The Bundelkhand region comprises regions of Uttar Pradesh and Madhya Pradesh. Bundeli is spoken in the Gwalior, Ashoknagar, Morena, Bhind, Datia, Shivpuri, Guna, Banda, Hamirpur, Jalaun, Jhansi, Lalitpur, Chitrakoot, Mahoba, Chhatarpur, Panna, Tikamgarh, Sagar, Damoh, Niwari districts.

Traditional Folk music (Lokgeet) in Bundeli

==Phonology==

===Consonants===

Phonemes of Bundeli
|  |  | Labial | Dental | Alveolar | Retroflex | Palatal | Velar | Glottal |
| Nasal |  | m |  | n |  |  |  |  |
| Plosive/ Affricate | voiceless | p | t̪ | ts | ʈ |  | k |  |
| voiceless aspirated | pʰ | t̪ʰ | tsʰ | ʈʰ |  | kʰ |  |
| voiced | b | d̪ | dz | ɖ |  | ɡ |  |
| voiced aspirated | bʱ | d̪ʱ | dzʱ | ɖʱ |  | ɡʱ |  |
| Fricative |  |  |  | s |  |  |  | ɦ |
| Flap |  |  |  | ɾ |  |  |  |  |
| Approximant |  | ʋ |  | l |  | j |  |  |

== Grammar ==
Sanskrit final, initial, and surplus medial vowels are frequently lost in ways much common to Hindi.

=== Nouns ===
Two genders - masculine and feminine - are taken by all nouns in Bundeli, indiscriminate of their animacy. Masculine nouns tend to take the a-declension, as do feminine ones, but feminine nouns exhibit more variation in termination, with a number of ī-nouns existing. Masculines also take ē- and ō- declensions "not very rarely". Masculine nouns converted to feminines take the terminations -(ā)ni, -na, -iyā.

The numbers are singular and plural alone.

=== Pronouns ===
Informal forms of address predominate among speakers of Bundelkhandi, owing to their rural location and their use of Hindi forms in formal speech. The first person pronoun is declined below in a table.

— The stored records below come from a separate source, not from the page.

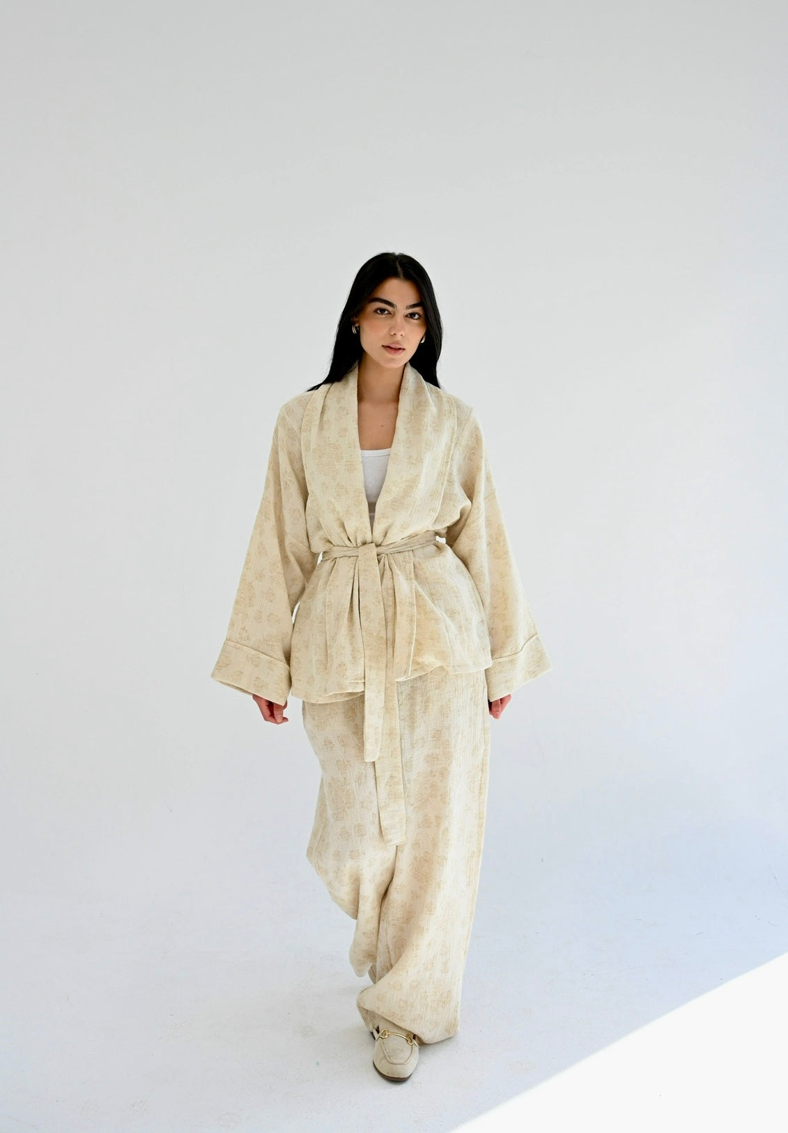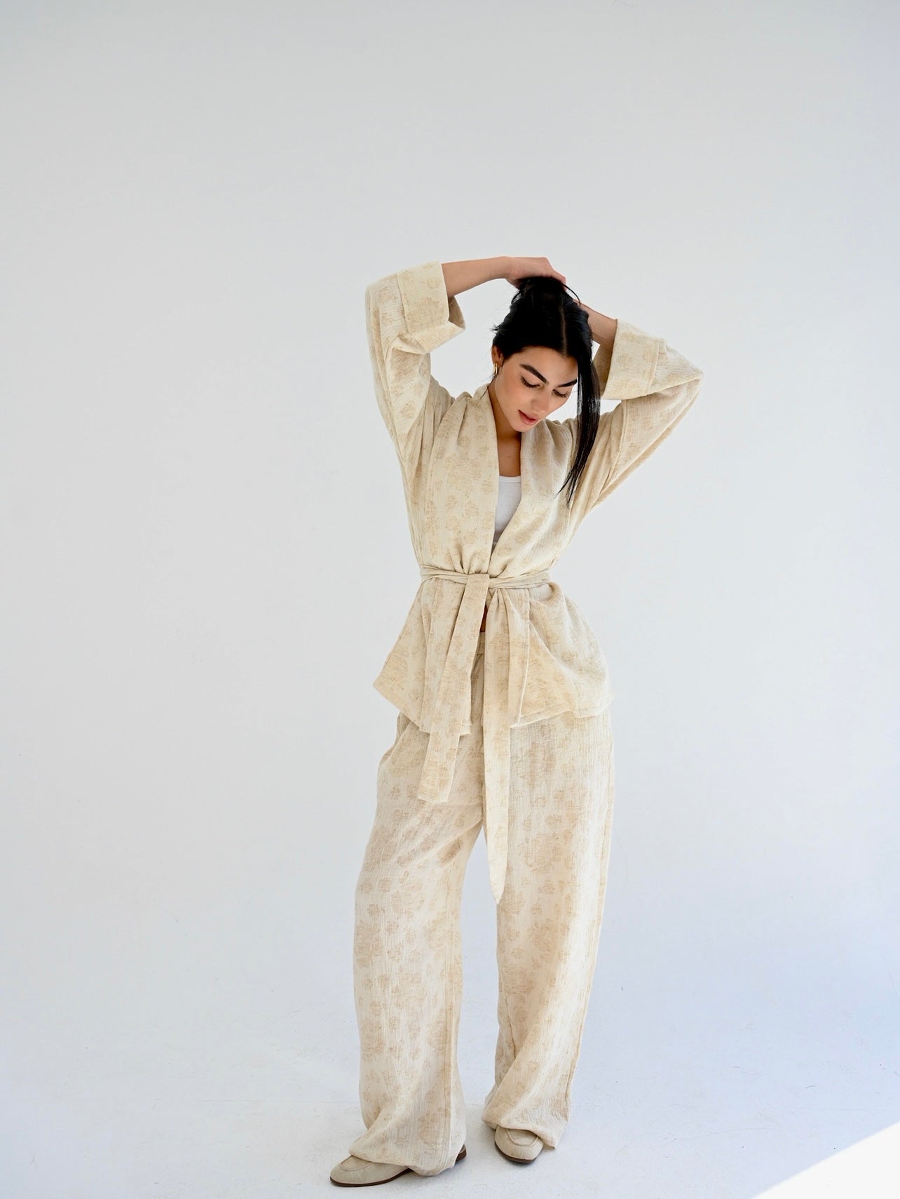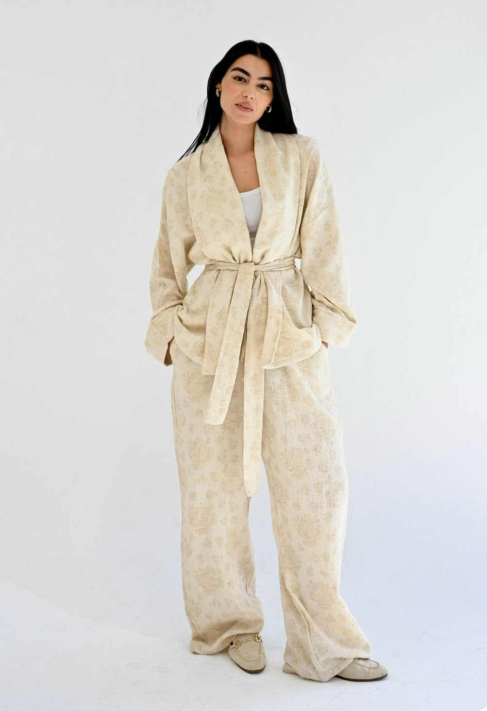 Soft, breathable, and effortlessly stylish — the Layla Textured Set is made from a unique blend of muslin and linen with a subtle woven pattern that adds depth and character. Designed with versatility in mind, each piece can be styled separately to suit your mood: pair the belted top with denim for a casual day out, or match the wide-leg pants with a crisp white shirt for an elevated look. Comfort meets timeless charm in this relaxed yet refined set.
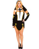 You'll need to confess some sins after wearing this gorgeous Bad Habit Nun Plus Size Womens Costume. The black dress features a white high neck collar, chest cut out, tulip skirt detailing, and gold trim. Stretching from the neck to the chest is a large black printed cross, set on a white panel on the bodice. This costume also comes with a black and white habit, black fingerless arm warmers with a gold cross print, and white thigh-high tights with a gothic cross print. Naughty but very, very nice.
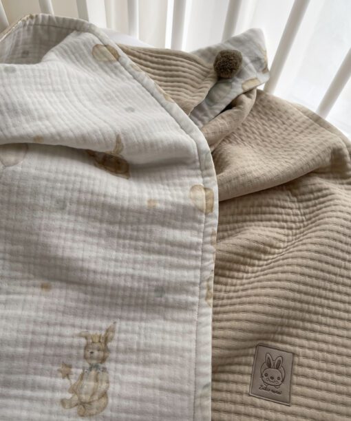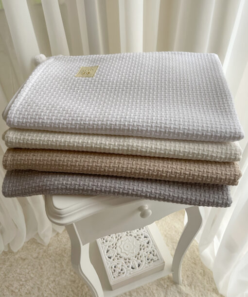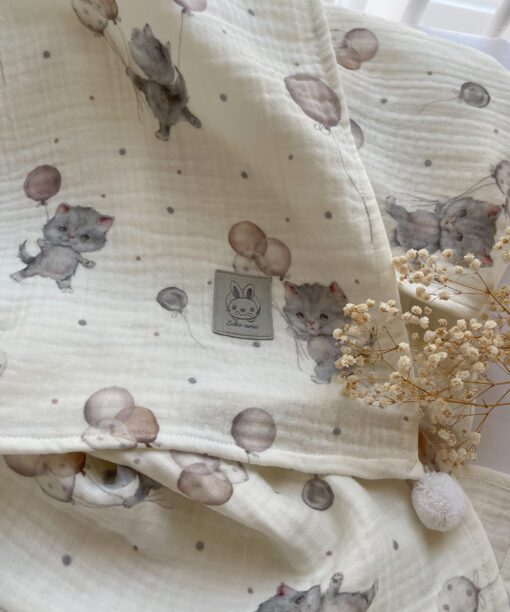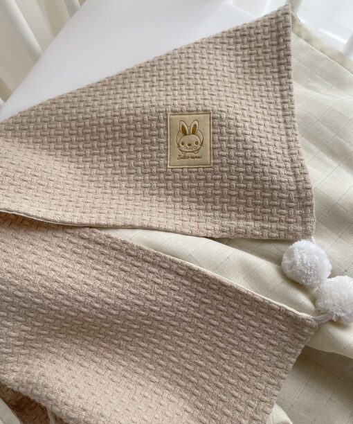 Šis pledukas pasiūtas iš sertifikuotų muslino ir ornamentų raštu austos medvilnės audinių. Austos medvilnės audinys minkštas, muslinas – švelnus. Pledukas ilgesnis jei įprastai, kad galėtumėte juo apkloti ir ūgtelėjusį mažylį sportiniame vežimėlyje.
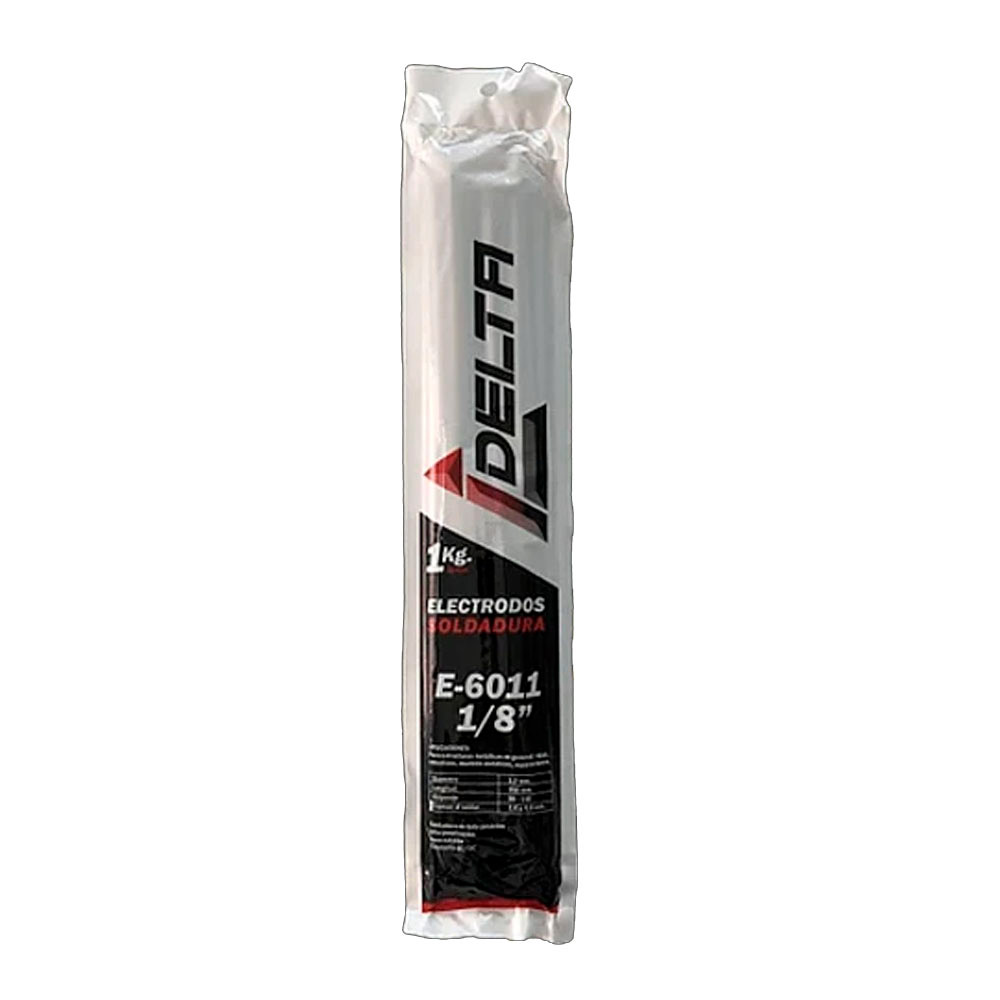 Los Electrodos DELTA 1/8" E-6011, corresponde al grupo de los accesorios de maquinarias y se trata de un producto de ferretería para soldadura al arco. Es un elemento que combina las funciones de electrodo y fundente ya que parte de su material se incorpora a la aleación que resulta del trabajo de soldadura. Se utiliza en trabajos de cerrajería, en estructuras livianas de acero al carbono y en muebles metálicos, etc. Presentación en envases de 1 KG .
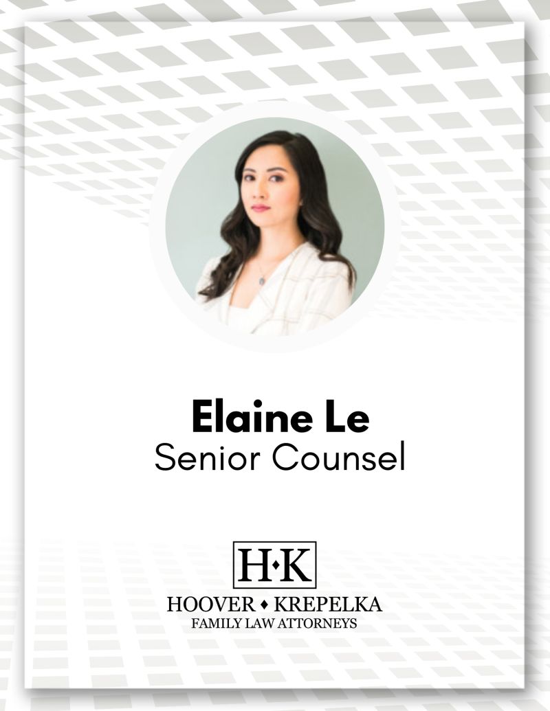 Elaine Le joined Hoover Krepelka in 2020 and has since distinguished herself as a fierce and compassionate family law advocate, known for her integrity and dedication to guiding clients through some of life’s most challenging moments. Before devoting herself fully to family law, Elaine began her legal career in bankruptcy law. She earned her Bachelor of Arts in Psychology with minors in Political Science and Music History from UCLA, followed by her Juris Doctor from the University of La Verne College of Law.
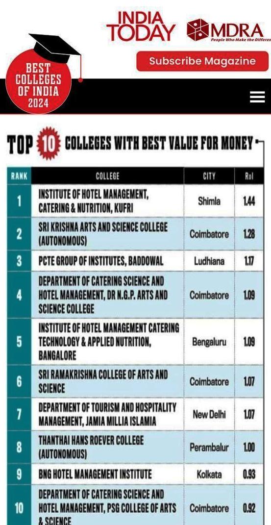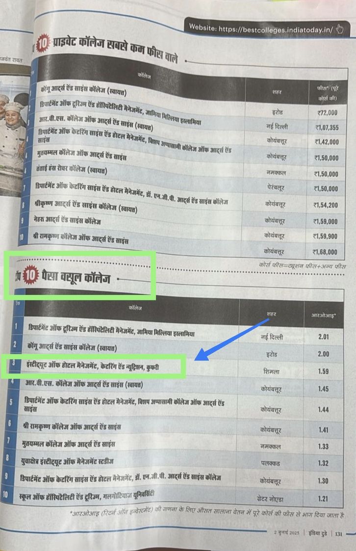 IHM Shimla Rank 1 in India Today best colleges of India 2024 best value for money.

|  | First-person singular | First-person plural |
|---|---|---|
| Nom. | maī, hama | hama |
| Agentive | maīnē | hamanē (in ergative past tense exclusively) |
| Obl. | mō- | hama- (with postposition); hamārē (dat.) |
| Gen. and possessive | mōrō (masc. sing.), mōrē (masc. pl.), mōrī (fem.) | hamār- (declined for gender as mōr-) |

== History ==
Early examples of Bundelkhandi literature are the verses of the Alha-Khand epic. It is still preserved by bards in the Banaphari region. The epic is about heroes who lived in the 12th century CE. Formal literary works in Bundeli dates from the reign of Emperor Akbar. Notable figures are the poet Kesab Das of the 16th century, while Padmakar Bhatt and Prajnes wrote several works during the 19th century. Prannath and Lal Kabi, produced many works in Bundeli language at the court of Chhatrasal of Panna.